Besluit van de Minister van Buitenlandse Zaken van 15 december 2006, nr. DZO/UM-1237/2006, tot vaststelling van een subsidieplafond en beleidsvoornemen voor subsidiëring op grond van de Subsidieregeling Ministerie van Buitenlandse Zaken voor het Matra Doelbijdragen Programma

De Minister van Buitenlandse Zaken,

Gelet op de artikelen 6, 7, en 10 van het Subsidiebesluit Ministerie van Buitenlandse Zaken1 ;

Gelet op de artikelen 2.2 en 2.3 van de Subsidieregeling Ministerie van Buitenlandse Zaken 20062 ;

Besluit:

Artikel 1

Voor subsidieverlening op grond van de artikelen 2.2 en 2.3 van de Subsidieregeling Ministerie van Buitenlandse Zaken 2006 geldt voor de periode 1 januari 2007 tot en met 31 december 2007 voor het Matra Doelbijdragen Programma het volgende subsidieplafond: € 200.000,–3 .

Artikel 2

Voor subsidieverlening op grond van de artikelen 2.2 en 2.3 van de Subsidieregeling Ministerie van Buitenlandse Zaken 2006 geldt met betrekking tot het Matra Doelbijdragen Programma het volgende beleidsvoornemen:

a. Voor subsidies onder het Matra Doelbijdragen Programma komen in aanmerking activiteiten die strekken tot of dienstig zijn aan de ontwikkeling en de uitvoering van het beleid van de minister ter ondersteuning van de overgang naar pluriforme, democratische rechtstaat en/of het proces van toetreding tot de Europese Unie in landen in Midden- en Oost-Europa voor zover subsidiëring niet mogelijk is met de overige instrumenten van het Matra-programma van het Ministerie van Buitenlandse Zaken.

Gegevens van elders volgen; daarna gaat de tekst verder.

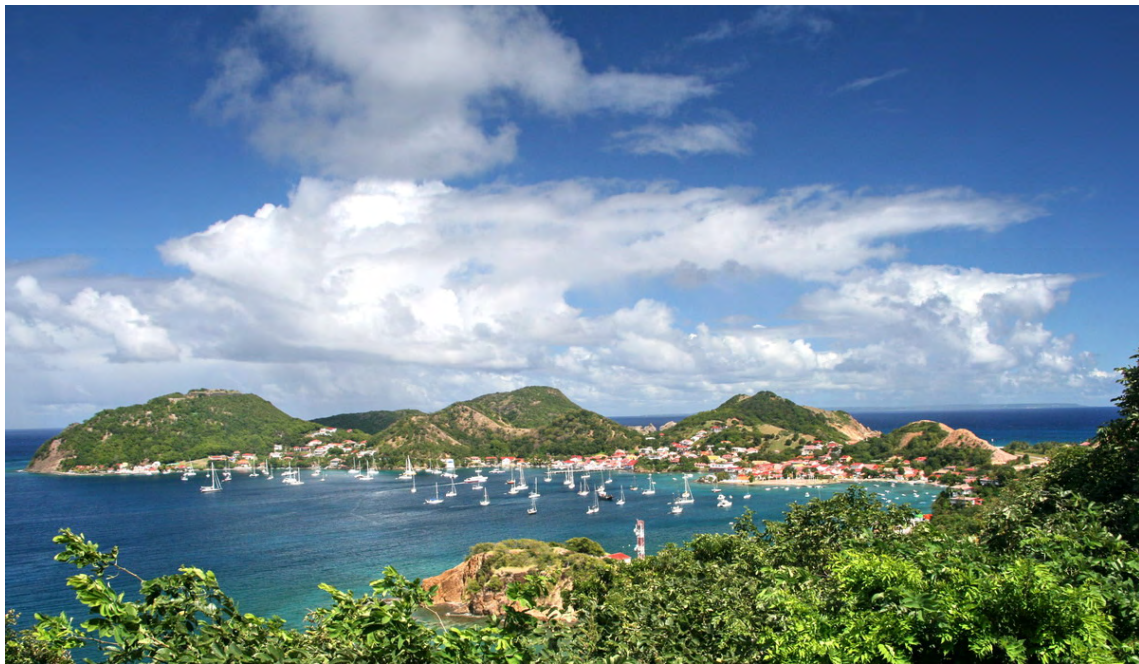
Från berget längst till vänster vakar Fort Napoleon över staden Bourg des Saintes, på ön Terre den Haut i ögruppen Iles des Saintes (Guadeloupe)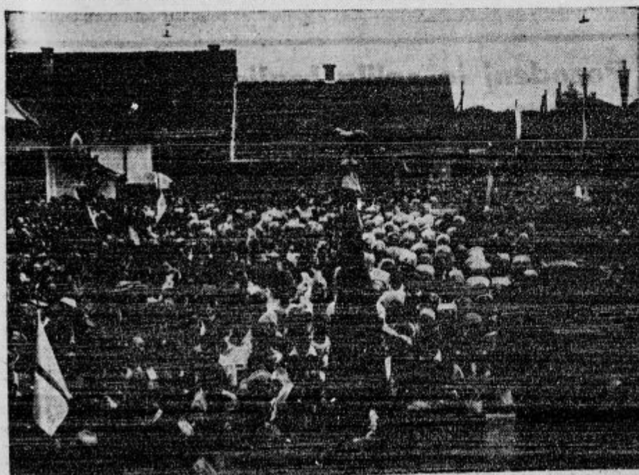
Ljubljanski župan, bote novega prosvetnega prapora gotori na taboru v Traovem.

d Navodila notranjega ministra o podpiranju gasilstva. Gasilskih društev v nekaterih banovinah sploh še ni. Zato je na podlagi vloge ministra za telesno vzgojo ljudstva notranji minister dr. Korošec odredil sledeče: 1. da skličejo okrajni načelniki s predsedniki občinskih uprav več sestankov, le-ti pa z občani vseh stanov v svrhu ustanovitve gasilskih organizacij v nji-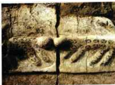
Leopárdokat ábrázoló dombormű, Catal Hüyük, i.e. VII.-VI. évezred, Ankara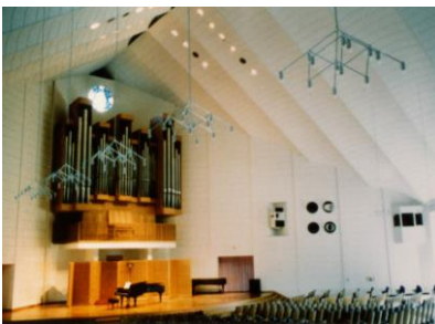
聖カタリナ女子短大 カタリナホール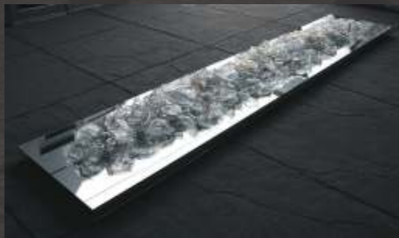
The River, 2007 Melted glass objects, mirrored platforms

b. Voor subsidies onder het Matra Doelbijdragen Programma komen uitsluitend activiteiten in aanmerking die betrekking hebben op de landen: Armenië, Belarus, Bulgarije, Georgië, Kroatië, Moldavië, Montenegro, Oekraïne, Roemenië, de Russische Federatie, Servië en Turkije.

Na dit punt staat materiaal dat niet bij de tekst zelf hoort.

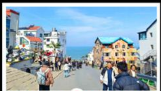
ถนนคอปเพิลิงหมายเลข 8

สัมผัสความยิ่งใหญ่ของ 4 เมืองสำคัญ ชิงเต่า - เยียนโก - เฟิงไห่ - เว่ยไห่ ปาต้ากวน - โบสถ์คาทอลิก - ตึกเก่าริมหา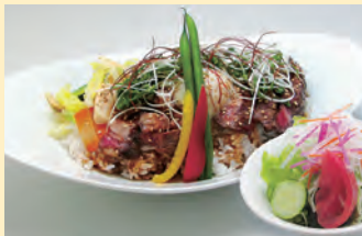
ビーフステーキ丼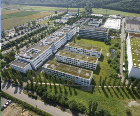
Kaiseraugst, casa madre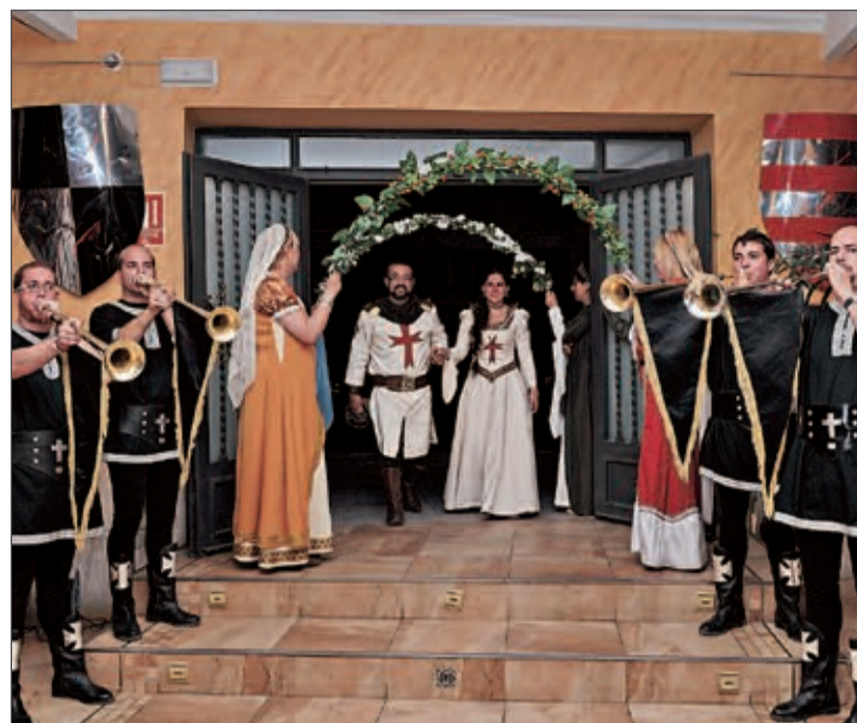
Los Capitanía Templaria, flanqueada por los trompeteros

c. Subsidie wordt slechts verleend aan rechtspersonen.

d. De duur van de activiteiten bedraagt ten hoogste één jaar.

e. De subsidie per aanvraag bedraagt ten hoogste € 100.000,–.

Artikel 3

Dit besluit treedt in werking met ingang van de tweede dag na de dagtekening van de Staatscourant waarin het wordt geplaatst.

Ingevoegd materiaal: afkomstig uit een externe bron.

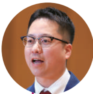
植山 太介 議員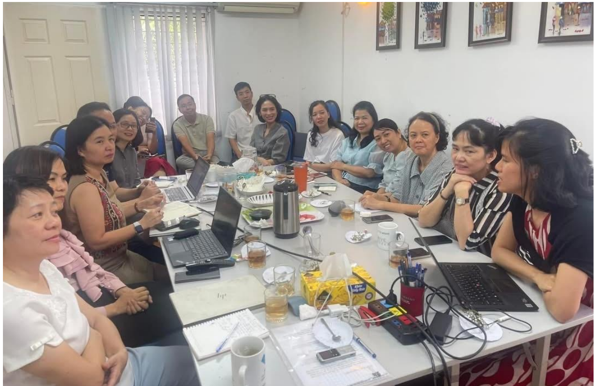
Hình ảnh cuộc họp nhóm thường kỳ tại VP trung tâm NGO RC

Dit besluit zal in de Staatscourant worden geplaatst.

De Minister van Buitenlandse Zaken,
namens deze:
de Directeur-GeneraalRegiobeleid en Consulaire Zaken, R.V.M. Jones-Bos.

  • 1

    Stb. 2005, 137.

  • 2

    Stcrt. 2005, 251.

  • 3

    Dit plafond betreft het maximum van de aan te gane verplichtingen.